Bernard-Henri Levy: There is evil in the world. We all know that. What I could be praised of, even if I am not sure also, but it's two things. Number one, yes, is to fight moral [relativism], multi culturalism, which means the strange attitude which consists in saying that a practice and attitude which would be a crime in America, or in France, should be admitted somewhere else. For example, to oblige a woman to veil her face or to encage her head should be criminal in America. Again, the formal and the real equality between men and women, suddenly, in Afghanistan or in Pakistan, it is okay. And those who pretend to condemn that are racist, neo-colonialist, neo-imperialist. So, what I say, either this attitude of moral relativism, appreciating an attitude differently according to the context and to the place where people are [rooted], this is one of my, or the thing... maybe one of the thing I try to do in "Left In Dark Times." And the other thing... I don't know if it have to be praised, but which I tried to do, is to finish with or to show the terrible, perverse effects of the idea that the evil can be completely liquidated.

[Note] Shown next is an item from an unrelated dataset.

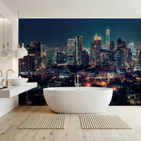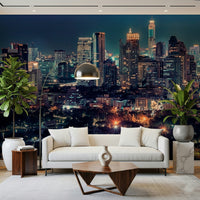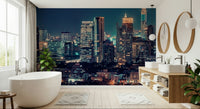 Transform your living space with this captivating cityscape **wallpaper for walls**. The design presents a sprawling metropolis illuminated against the night sky. The deep blues and oranges create a dramatic, modern aesthetic. This wall decor brings a touch of urban sophistication to any room. The detailed architecture contrasts beautifully with the natural elements of the parks below, creating a balanced and visually engaging scene. Ideal for a living room, office, or hallway, this design enhances the feeling of depth and space, adding an element of contemporary elegance to your home. Elevate your interiors with this stunning piece of urban art.
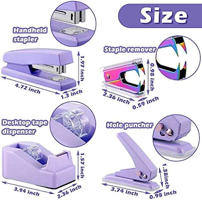 • Package Includes: 1 x handheld stapler, 1 x desktop tape dispenser, 1 x hole puncher, 1000 x staples, 1 x staple remover, 1 x ballpoint pen, 74 x binder clips and paper clips, 20 x push pins, 1 x scissor, 1 x letter opener, such a complete combination is enough to meet your school and office using needs

This, for me, it is one of the topics of "Left In Dark Times." This idea that evil does not really exist, that evil is in fact illness and that illness can be cured, if you find a good medicine, the chief doctor, if you identify the [wood] parasite, the proper virus and if you expel it from the social body, then you will have a good society. This idea that evil does not exist but you have only illnesses, this is a matrix. This is the core of the totalitarianism. Totalitarianism always begins with the idea that evil does not exist, that evil is an illusion, an appearance, and that's why we have only illnesses which can be properly cured if you have a good chief of state, embodied with a good ideology, surrounded by your good council of experts and so on, and finding here are the Jews, there the bourgeois, there the people who wear spectacles, or the place, the free women, whatsoever. A virus identified as such, expelled from the society as if you take a tumor out of cancer razed body. This idea that evil can be solved in a political purity is one of the most terrible temptation of the mind of mankind of yesterday and of today, and this is also one of the targets of "Left In Dark Times."